Logo que pronunciei estas palavras, senti um arrepio de enregelar-me o coração. Já conhecia aqueles acessos de perversidade ( cuja a natureza tive dificuldade em explicar) e lembrava-me bem de que em nenhuma ocasião me fora possível resistir a eles com êxito. E agora minha própria e casual auto-sugestão de que poderia ser bastante tolo para confessar o assassínio de que me tornara culpado me enfrentava como se fosse o autêntico fantasma daquele a quem eu havia assinado a acenar-me com a morte.

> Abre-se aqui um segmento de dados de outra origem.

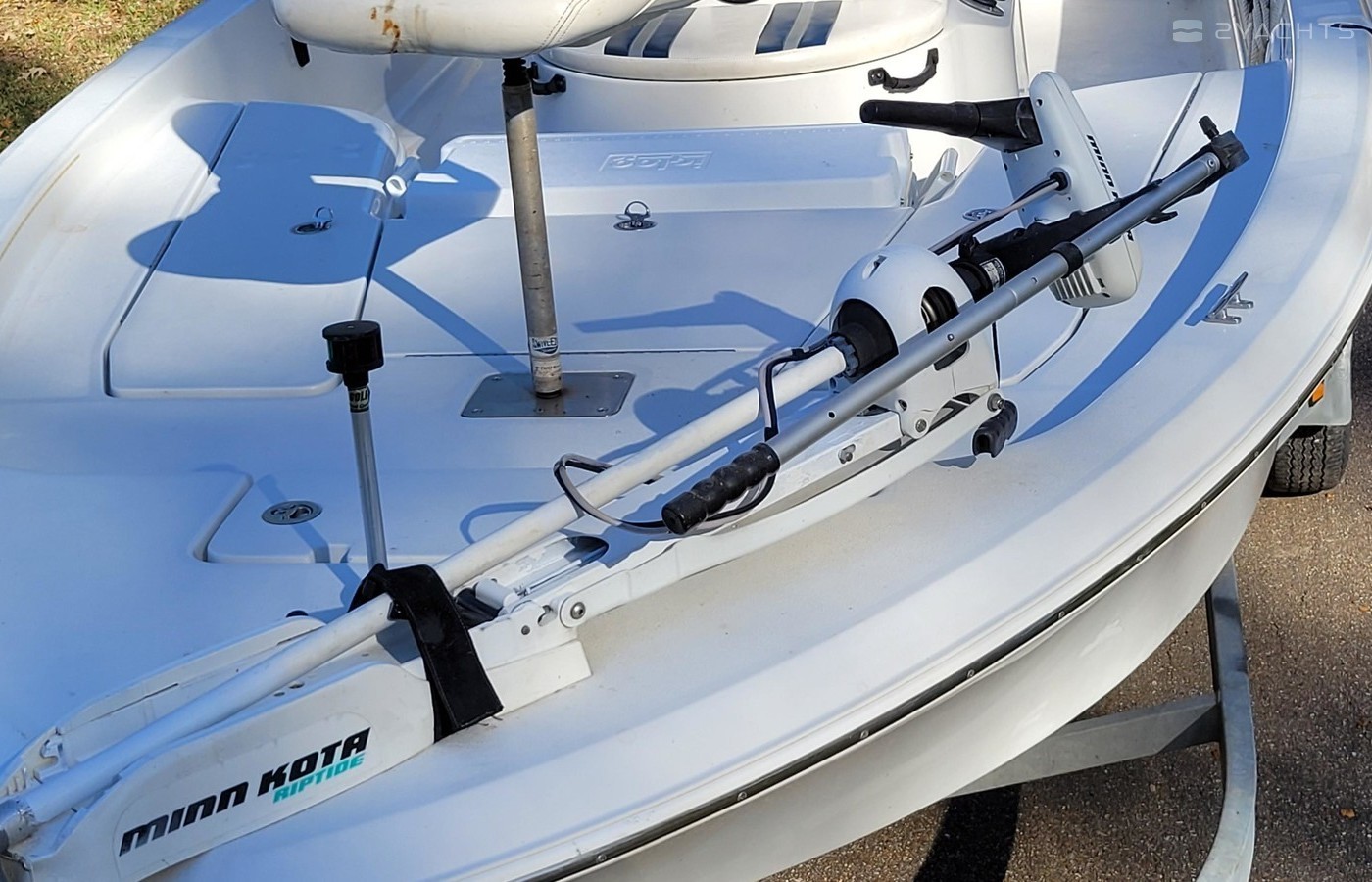 Two manual pole anchors for starboard and port side. Fluke anchor with chain and rope for fore with its own storage hole. Self bailing pump as a backup. Mini Kota drift sock. Six life vests. Orion emergency 4 signal pack with case. Emergency air horn. Three removable seating pads and 3 back rests for pleasure boating. Foward raised casting deck. Dash compass.Fish counter. Spot light.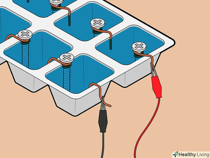 Підключіть до одного краю форми для льоду позитивний і негативний висновки. Начепіть на зовнішню сторону однієї з осередків форми для льоду гачок з мідного дроту. З цієї ж сторони форми, але на сусідній осередку розмістіть шуруп. Цей шуруп повинен виступати над краєм форми, оскільки до нього необхідно буде під'єднати провід.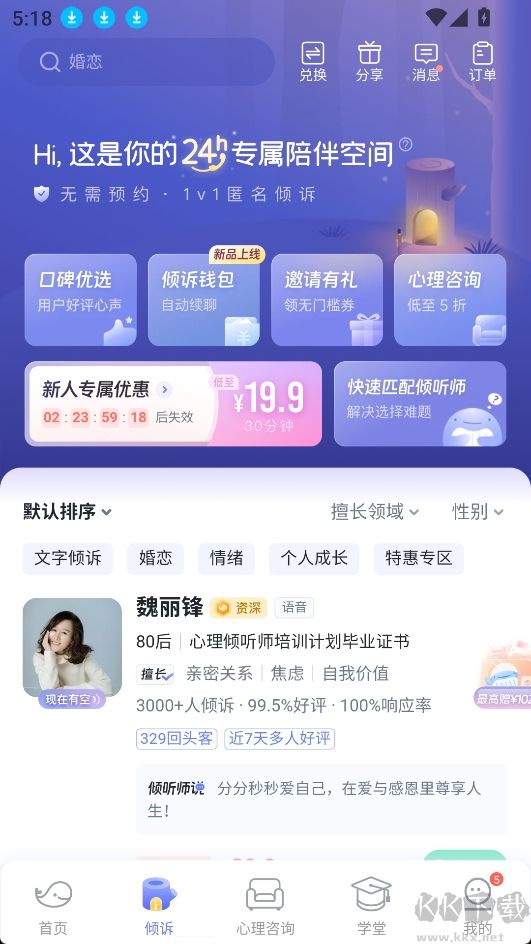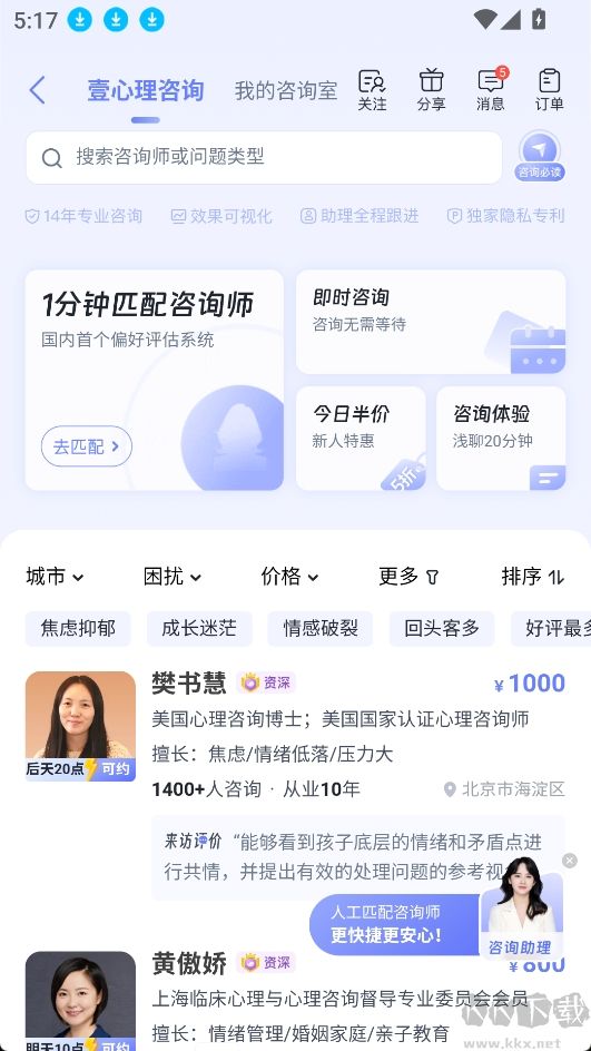 2.專(zhuān)業(yè)心理咨詢(xún)師,可以預(yù)約語(yǔ)音、視頻或面對(duì)面咨詢(xún),可以按城市、價(jià)格、咨詢(xún)方向等選擇咨詢(xún)師;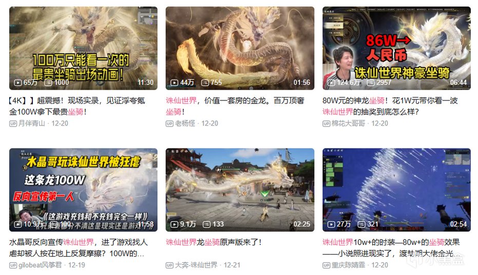 赚煤老板的钱,还得看完美。当看到小破站诛世播放量最高的几个视频,都是关于这条龙的,我恍然大悟,这不就是宣发最好的噱头吗?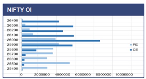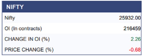 Nifty continues to trade in a narrow consolidation band, with price oscillating around the 25,850–25,900 zone after failing to sustain above the falling trendline. The index is holding above the key support near 25,700, but repeated rejections near 26,100–26,250 indicate strong overhead supply. The short-term trend remains sideways to mildly negative as long as Nifty stays below the trendline resistance. RSI is hovering below 50, reflecting weak momentum and lack of buying conviction. A decisive break below 25,700 could accelerate downside, while only a sustained move above 26,000 would improve sentiment meaningfully.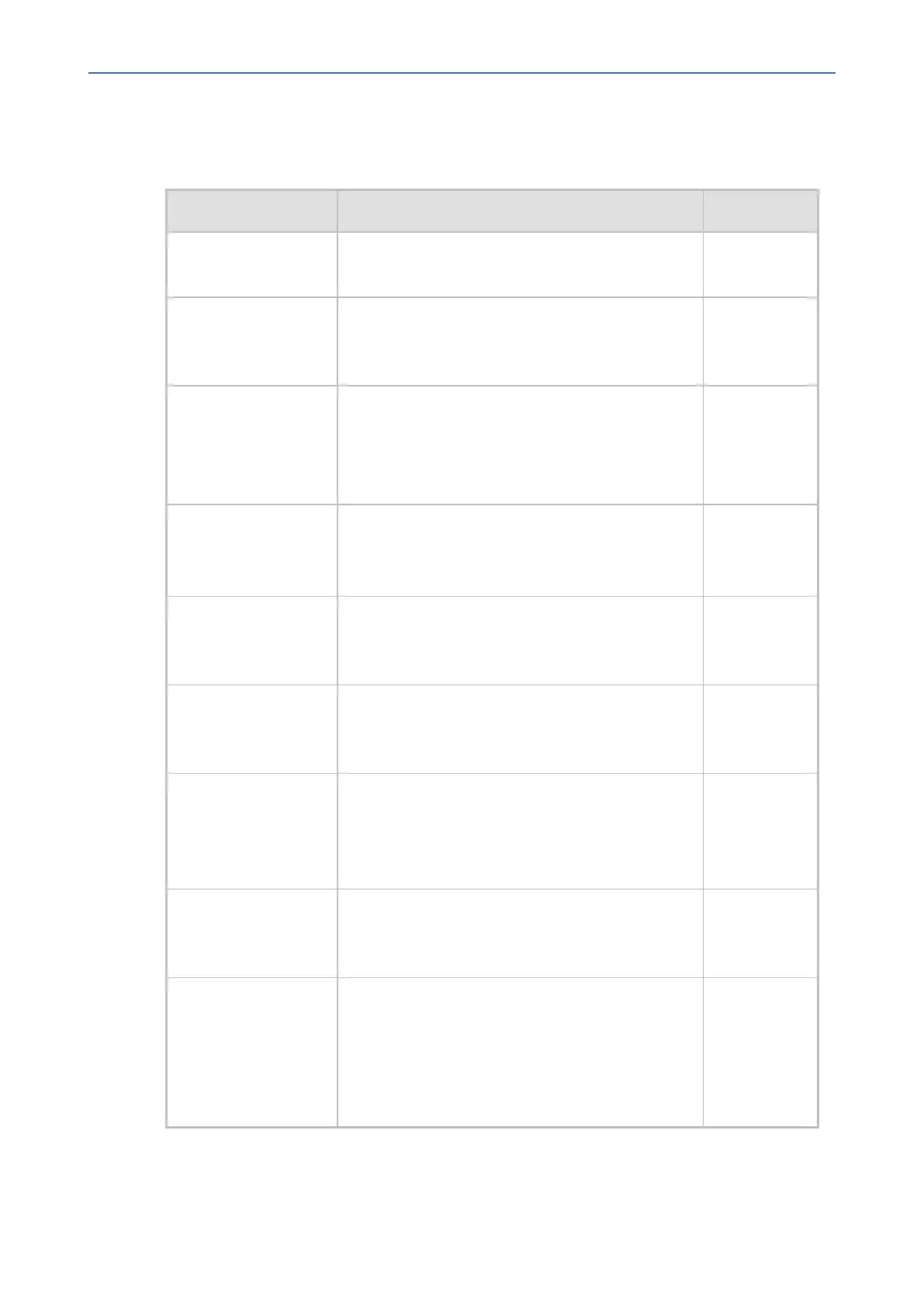 Parameter Description Values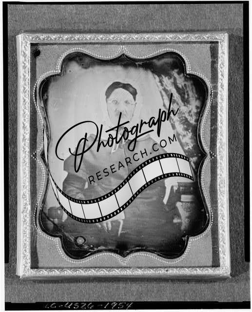 Unidentified woman,three-quarters to left,next to table with tablecloth,c1855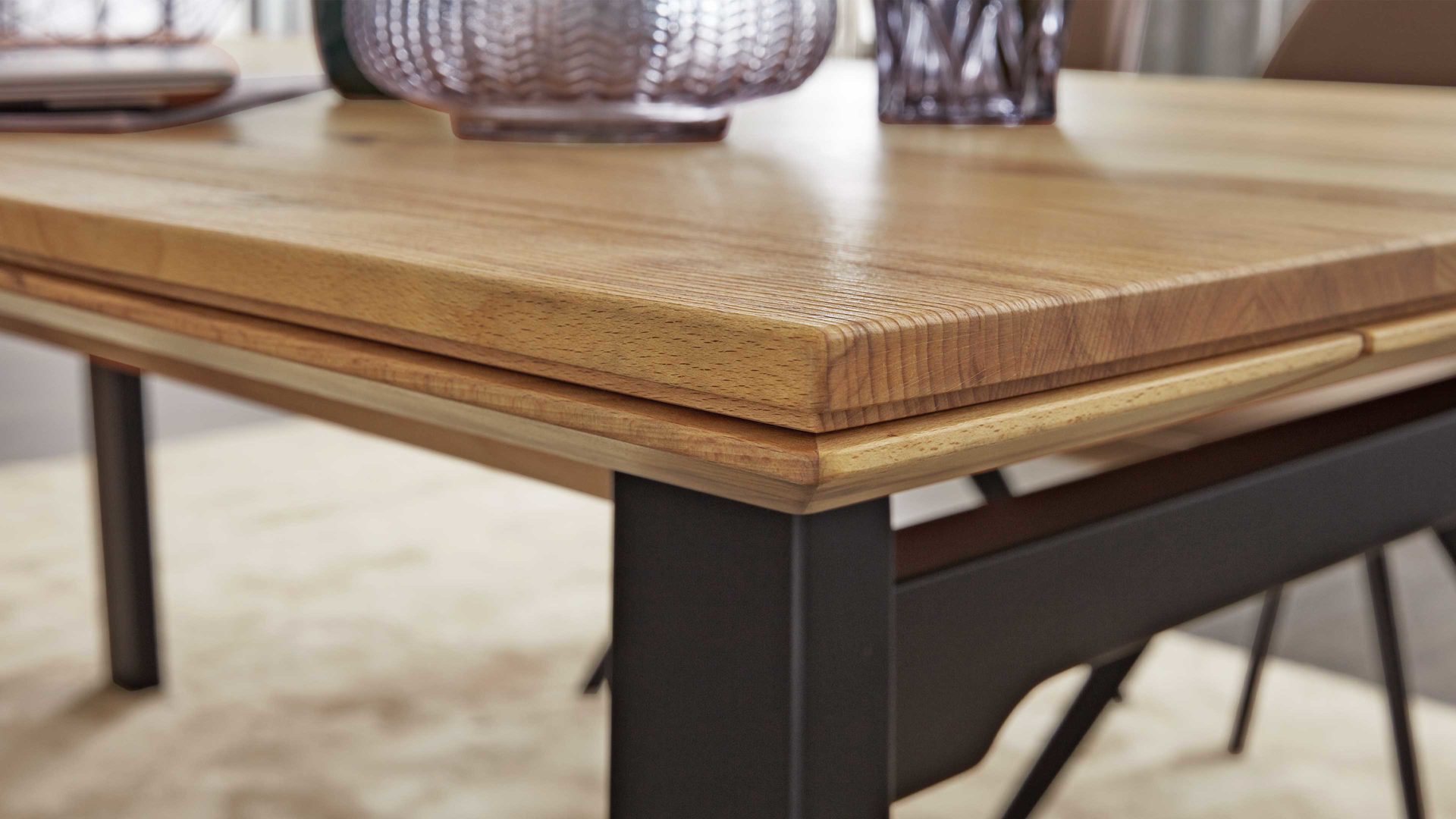 Dank des Zargenauszugs lässt sich der Tisch im Handumdrehen vergrößern. Die innenliegende Falteinlage mit ca. 50 cm Breite ist clever im Tisch verstaut und jederzeit griffbereit, ohne zusätzlichen Stauraum zu benötigen. Perfekt für spontane Gäste oder größere Runden. Mit Maßen von ca. 180–230 x 76 x 100 cm (B/LxHxT) bietet der Tisch im Alltag eine komfortable Größe und lässt sich bei Bedarf großzügig erweitern. Ideal für Familienessen, gesellige Abende oder größere Feierlichkeiten.

A princípio fiz um esforço para afastar da alma semelhante pesadelo. Caminhei mais apressadamente, mais depressa ainda... pus-me por fim a correr. Sentia um desejo enlouquecedor de gritar bem alto. Cada onda sucessiva de pensamento me acabrunhava com novos horrores, porque, ai!, eu bem compreendia, muito bem mesmo, que , na minha situação, pensar era estar perdido. Acelerei ainda mais a minha carreira. Saltava como um louco pelas ruas cheias de gente. Por fim a populaça alvoroçou-se e pôs-se a perseguir-me. Senti então que minha sorte estava consumada. Se tivesse podido arrancar a minha língua, tê-lo-ia feito, mas uma voz rude ressoou em meus ouvidos e uma mão ainda mais rude agarrou-me pelo ombro. Voltei-me, resfolegante. Durante um momento senti todos os transes da sufocação. Tornei-me cego, surdo e atordoado; e depois, creio que algum demônio invisível bateu-me nas costas com a larga palma O segredo há tanto tempo retido irrompeu de minha alma. Dizem que me exprimi com perfeita clareza, embora com assinada ênfase e apaixonada precipitação, como se temesse uma interrupção antes de concluir as frases breves mas repletas de importância que me entregavam ao carrasco e ao inferno.
Tendo relatado tudo quanto era preciso para a plena prova judicial; desmaiei. Que me resta a dizer? Hoje suporto estas cadeias e estou aqui! Amanhã estarei livre de ferros! Mas onde?